Reflecting on the closed-door talks, Graves said in June that House Energy and Commerce Republicans were uneasy about backing a bill that the House had not had a chance to consider.

In the end, the debt deal included a modest step on transmission: a FERC study on the matter. Climate hawks consider the study unhelpful or even counterproductive, arguing that the length of the study could be used as an excuse to postpone concrete steps toward tackling the transmission issue.

The deal also had a fair number of fossil fuel wins: immediate approval of the Mountain Valley pipeline and faster environmental reviews for energy projects.

Courting Republicans

Sen. Kevin Cramer (R-N.D.) is seen at the U.S. Capitol Sept. 12, 2023. (Francis Chung/POLITICO via AP Images)
Sen. Kevin Cramer (R-N.D.) is skeptical of Democratic efforts on transmission. | Francis Chung/POLITICO

Since the Fiscal Responsibility Act’s passage in June, Peters and Hickenlooper have been shopping their concept around to their Republican friends. They have made some progress, buoyed in large part by what Peters called the “visibility” the proposal received thanks to the debt limit talks.

“We will need that,” Peters said of potential Republican co-sponsors and on-the-record champions for the legislation, though he acknowledged GOP support could take a different shape: “It’s a political time, and sometimes people are willing to have a conversation without writing their name on the paper.”

But, he added, “there are a lot of people who have an interest” in the proposal, hailing from “regions where there is surplus energy, and so we’re working on different folks.”

Sen. Kevin Cramer (R-N.D.), a lead negotiator on transmission principles in the permitting debate for the GOP, confirmed Hickenlooper had spoken to him about “BIG WIRES” but was cool on the proposal, calling the 30 percent requirement “impossible” and “impractical.”

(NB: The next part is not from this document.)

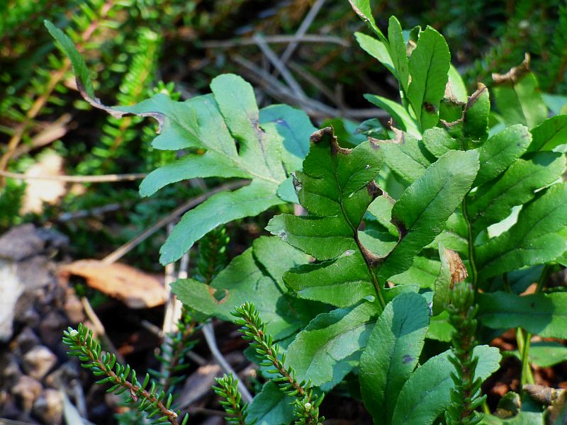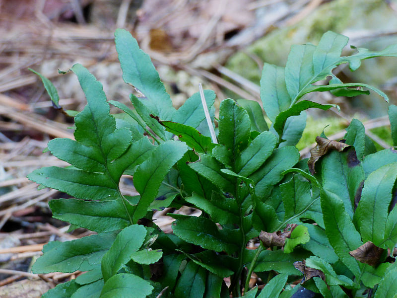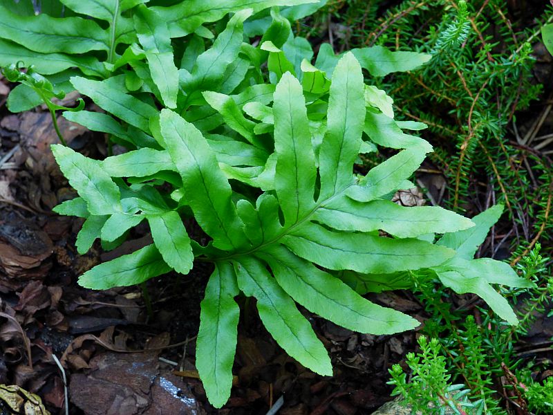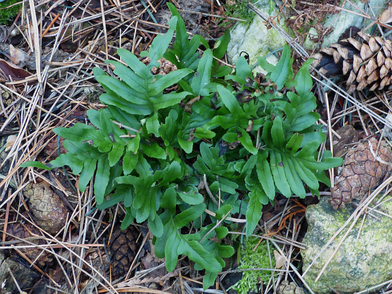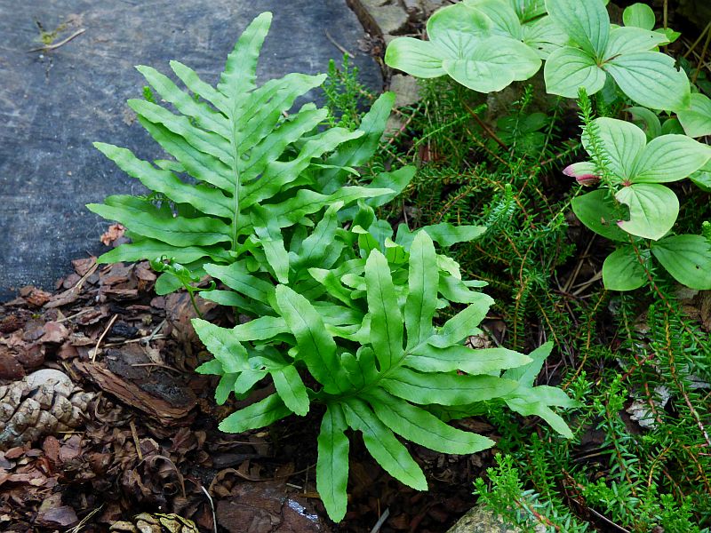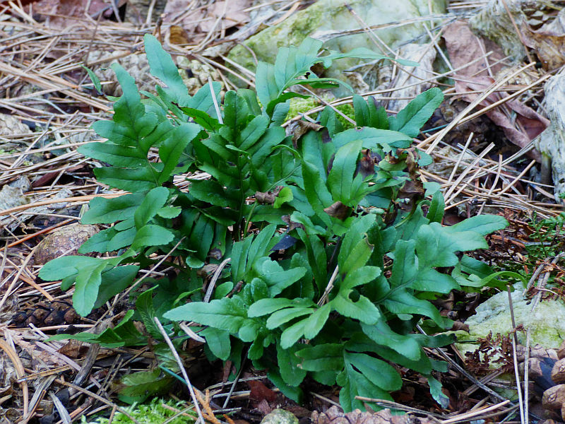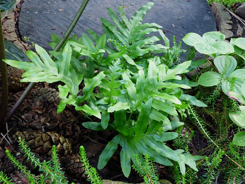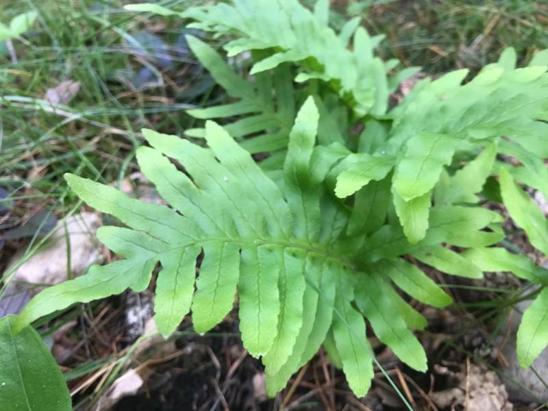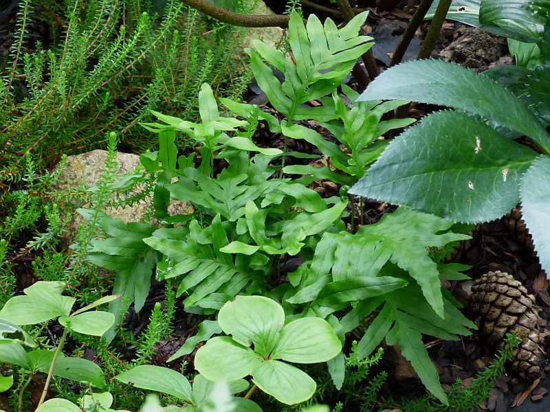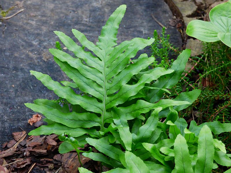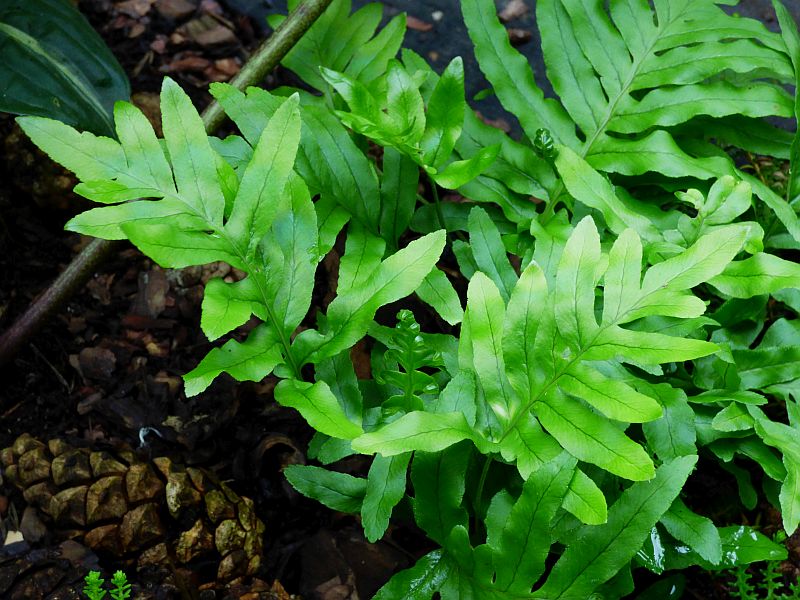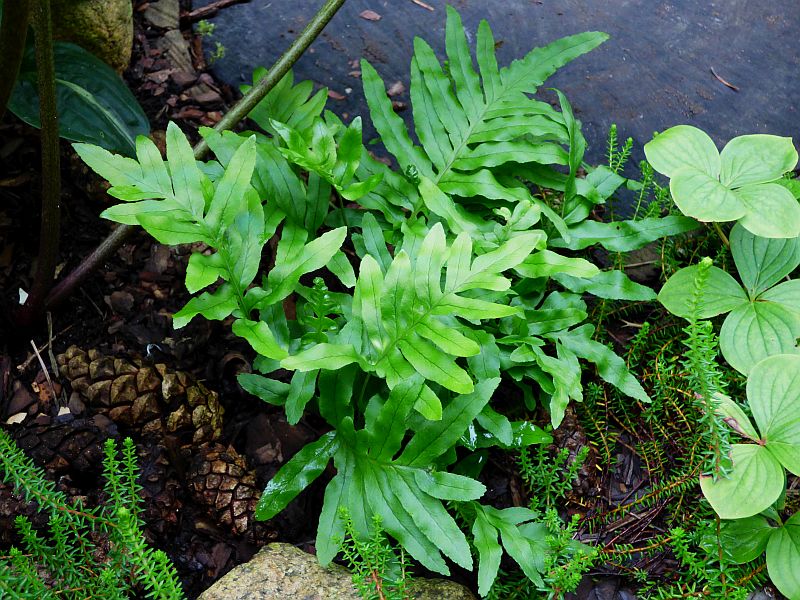 Polypodium), odmiana ta rozprzestrzenia się przez pełzające pod ziemią kłącza, z których wyrastają zimozielone, stosunkowo szerokie frondy, o

Peters also conceded that their original proposal had to be refined over the last several months to make it “more palatable, more achievable for people,” making some changes “to allay some of the concern that some regions would really have to turn everything upside down to comply.”

Peters signaled his top priority will be getting the bill a hearing in Duncan’s subcommittee, but the South Carolina Republican has been noncommittal on if or when he’d dedicate time for a formal discussion of transmission deployment in the permitting process.

“Last I spoke to him, he knows it’s something we want to get started on,” Peters said of conversations with Duncan. “He himself indicated interest in learning more about it, so I think hearings are a great way to do that.”

Duncan told E&E News last week that he planned to hold a hearing on transmission, though did not provide a timeline. Peters serves on the subcommittee.

A Duncan spokesperson said the congressman had no plans to hold a hearing “solely focused on transmission,” signaling any committee consideration on the matter would be held in tandem with other aspects of the permitting conversations.

“There’s been significant conversation about transmission in Subcommittee hearings we have held, and we expect these conversations to continue,” the Duncan spokesperson said. “However, it’s important to remember that talking solely about transmission is not going to solve our country’s energy needs.

A spokesperson for Republicans on the Energy and Commerce Committee also told E&E News there were no plans for a hearing on transmission in the near term.

“We hear a lot from our colleagues on the Left only about interstate transmission for our electric grid. However, transmission is not a substitute for generation,” the spokesperson said in a statement.

“Our hearings will continue to focus on solutions the American people need to be protected from the Biden administration’s continued attacks on 24/7 dispatchable generation and a reliable energy grid.”

Reporter Nico Portuondo contributed.